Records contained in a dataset
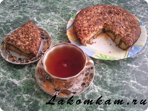 и ставим в духовку на 30 минут при температуре 180 градусов. Горячий пирог ставим на мокрую салфетку на 5 минут, чтобы дно пирога легко отставало от формы, даем немного остыть, затем разрезаем
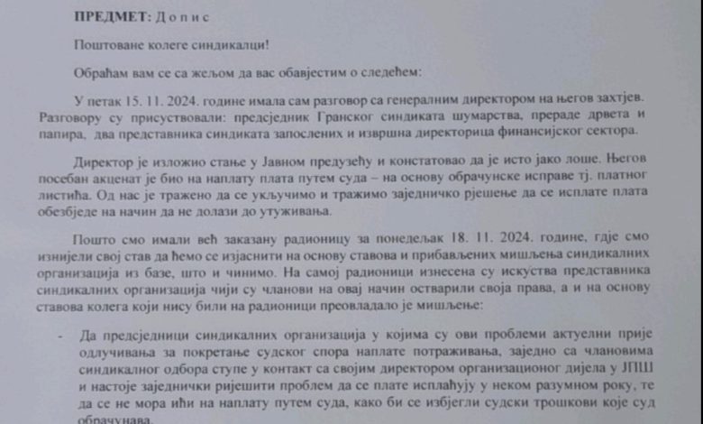 U dopisu koji je potpisala predsjednica JUSO Branka Zeković navodi se da je zajedno sa predsjednikom Granskog sindikata šumarstva razgovarala sa generalnim direktorom „Šuma RS“ Blaškom Kaurinom koji je, kako kaže, „na sastanku izložio stanje u preduzeću i konstatovao da je jako loše“.
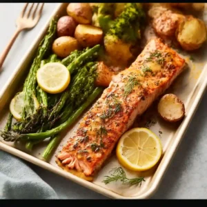 This Sheet Pan Honey Mustard Salmon is all about convenience and flavor. The combination of honey and mustard creates a rich glaze that caramelizes beautifully in the oven. Everything cooks on one pan, making cleanup quick and easy. It’s a family-friendly meal packed with protein, vegetables, and comforting textures.
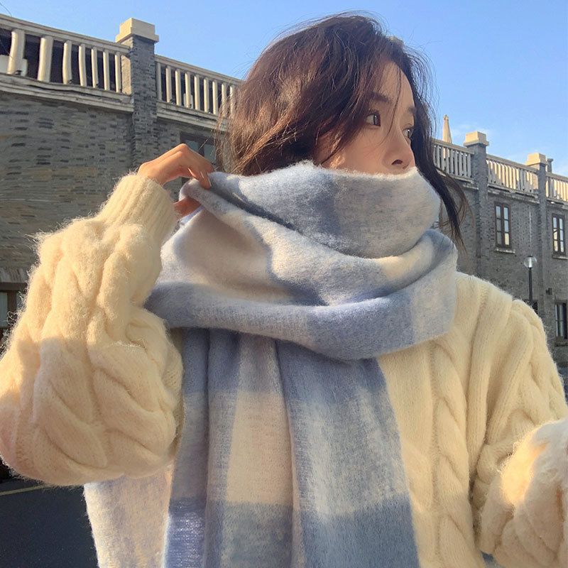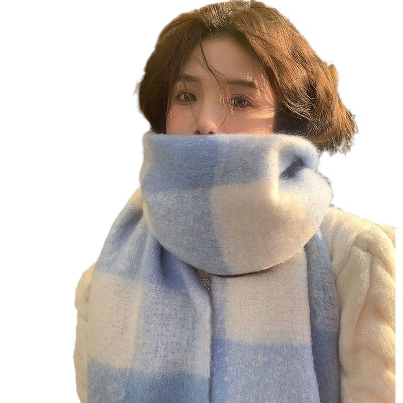 celebrity style cream blue plaid mohair scarf women's christmas gift all-match plaid scarf men's universal fashion
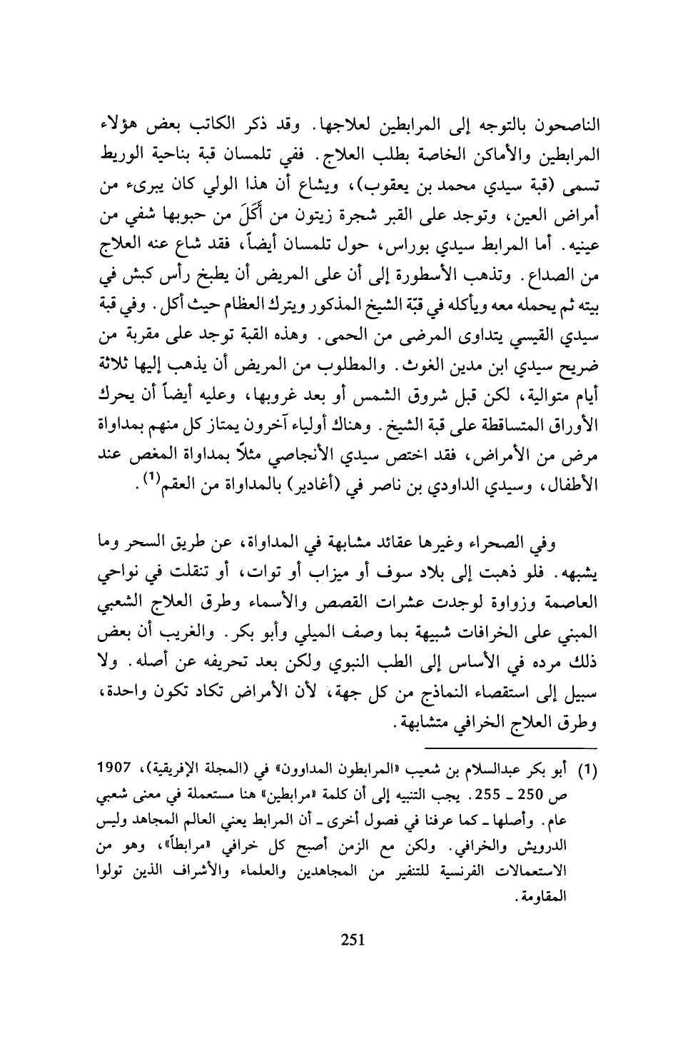(¬1) أبو بكر عبد السلام بن شعيب (المرابطون المداوون) في (المجلة الإفريقية)، 1907 ص 250? 255. يجب التنبيه إلى أن كلمة (مرابطين) هنا مستعملة في معنى شعبي عام. وأصلها - كما عرفنا في فصول أخرى - أن المرابط يعني العالم المجاهد وليس الدرويش والخرافي. ولكن مع الزمن أصبح كل خرافي (مرابطا)، وهو من الاستعمالات الفرنسية للتنفير من المجاهدين والعلماء والأشراف الذين تولوا المقاومة.
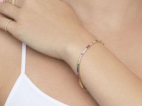 Minimalist jewelry, with its simplistic details and dainty features, will always have a place in the jewelry box, right up there with classic pearls and eye-catching diamonds. That said, as timeless and versatile as the aesthetic can be, it can occasionally lead you to a sartorial rut — not to worry, there’s a perfect solution for that. For those who want to go in a completely different direction from your everyday baubles, the rainbow jewelry trend of 2019 has graced the accessories market with a full roster of colorful gems to brighten up your jewelry style.
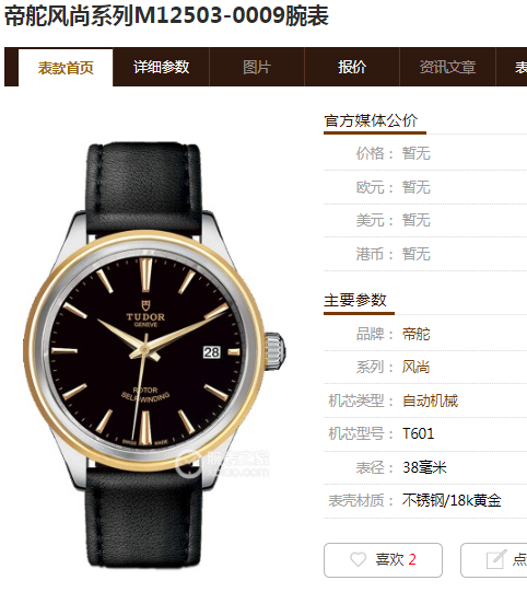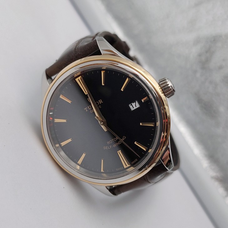 帝舵风尚系列M12503-0009男款机械表,38mm表径,黑色表盘,条形刻度,不锈钢/18k黄金表壳,日期显示,95新单表,专柜价22000,现好价
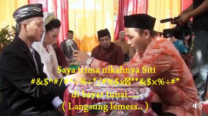 Christian Aditya : Saya trima nikahnya Siti #&$^#/#^÷%÷*/#%$×₩**&$×%÷#*di bayar tunai.....( Langsung lemess.. )
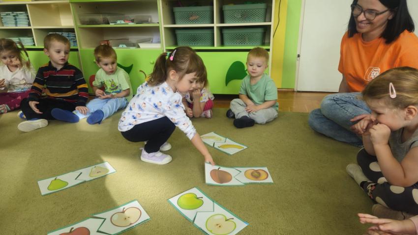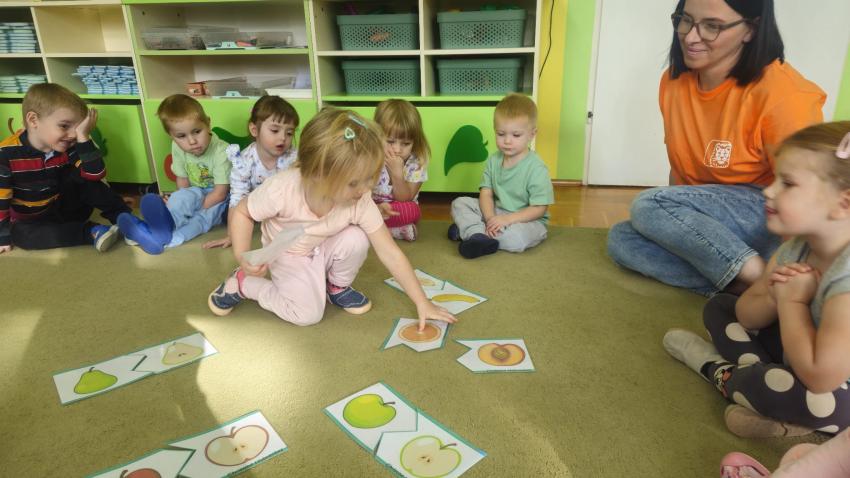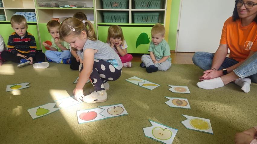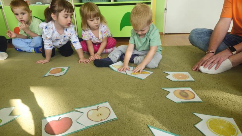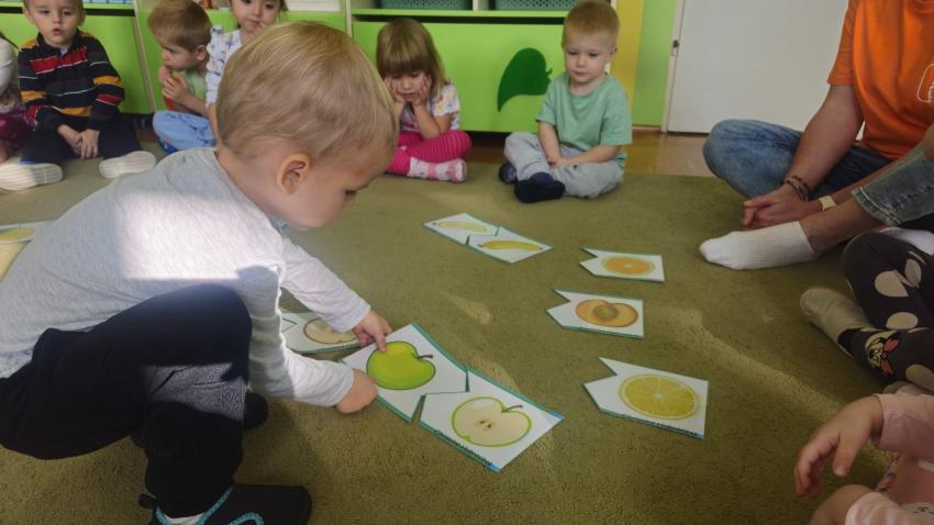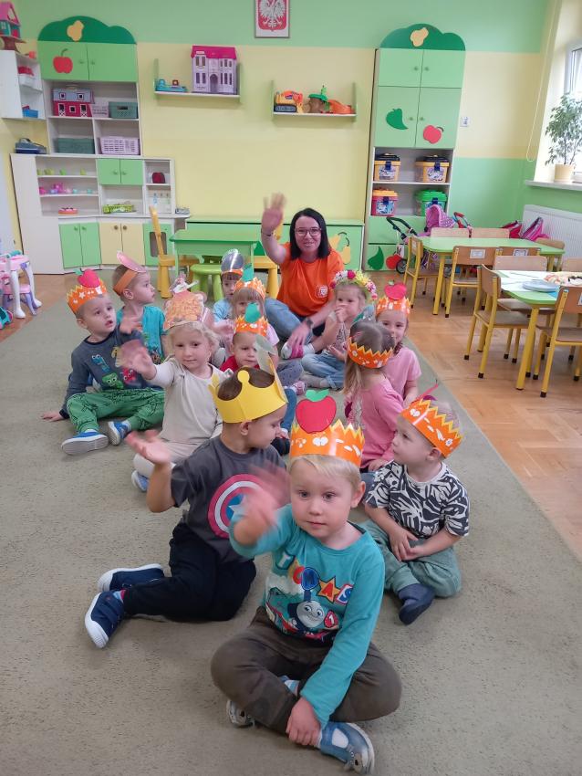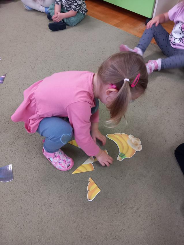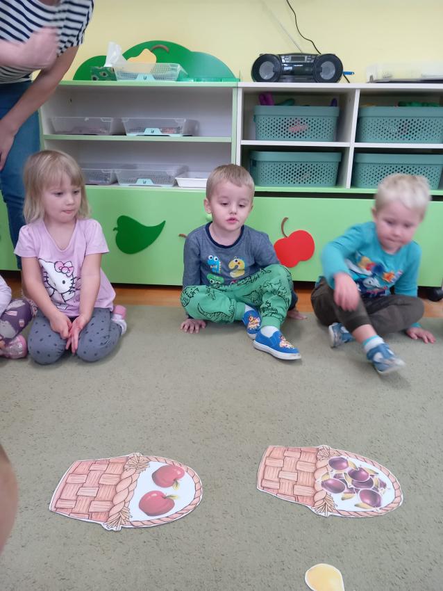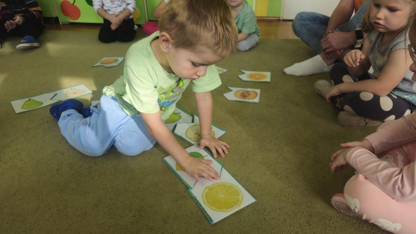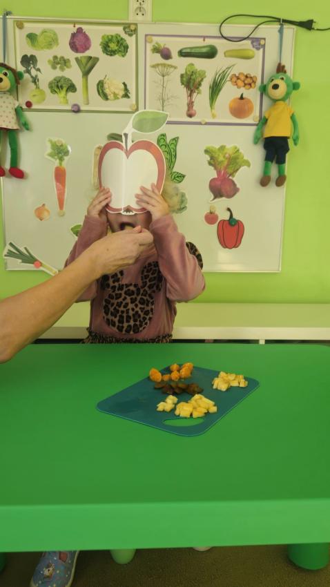 "Mali kucharze" z najmłodszej grupy, po zabawach ,w których rozpoznawały owoce po smaku i wyglądzie ,przygotowały ulubione przysmaki owocowe na talerzu.

▶ Work order
Leaving out only the pictures, retype every record exactly.

▶ The answer
 и ставим в духовку на 30 минут при температуре 180 градусов. Горячий пирог ставим на мокрую салфетку на 5 минут, чтобы дно пирога легко отставало от формы, даем немного остыть, затем разрезаем
 U dopisu koji je potpisala predsjednica JUSO Branka Zeković navodi se da je zajedno sa predsjednikom Granskog sindikata šumarstva razgovarala sa generalnim direktorom „Šuma RS“ Blaškom Kaurinom koji je, kako kaže, „na sastanku izložio stanje u preduzeću i konstatovao da je jako loše“.
 This Sheet Pan Honey Mustard Salmon is all about convenience and flavor. The combination of honey and mustard creates a rich glaze that caramelizes beautifully in the oven. Everything cooks on one pan, making cleanup quick and easy. It’s a family-friendly meal packed with protein, vegetables, and comforting textures.
 celebrity style cream blue plaid mohair scarf women's christmas gift all-match plaid scarf men's universal fashion
(¬1) أبو بكر عبد السلام بن شعيب (المرابطون المداوون) في (المجلة الإفريقية)، 1907 ص 250? 255. يجب التنبيه إلى أن كلمة (مرابطين) هنا مستعملة في معنى شعبي عام. وأصلها - كما عرفنا في فصول أخرى - أن المرابط يعني العالم المجاهد وليس الدرويش والخرافي. ولكن مع الزمن أصبح كل خرافي (مرابطا)، وهو من الاستعمالات الفرنسية للتنفير من المجاهدين والعلماء والأشراف الذين تولوا المقاومة.
 Minimalist jewelry, with its simplistic details and dainty features, will always have a place in the jewelry box, right up there with classic pearls and eye-catching diamonds. That said, as timeless and versatile as the aesthetic can be, it can occasionally lead you to a sartorial rut — not to worry, there’s a perfect solution for that. For those who want to go in a completely different direction from your everyday baubles, the rainbow jewelry trend of 2019 has graced the accessories market with a full roster of colorful gems to brighten up your jewelry style.
 帝舵风尚系列M12503-0009男款机械表,38mm表径,黑色表盘,条形刻度,不锈钢/18k黄金表壳,日期显示,95新单表,专柜价22000,现好价
 Christian Aditya : Saya trima nikahnya Siti #&$^#/#^÷%÷*/#%$×₩**&$×%÷#*di bayar tunai.....( Langsung lemess.. )
 "Mali kucharze" z najmłodszej grupy, po zabawach ,w których rozpoznawały owoce po smaku i wyglądzie ,przygotowały ulubione przysmaki owocowe na talerzu.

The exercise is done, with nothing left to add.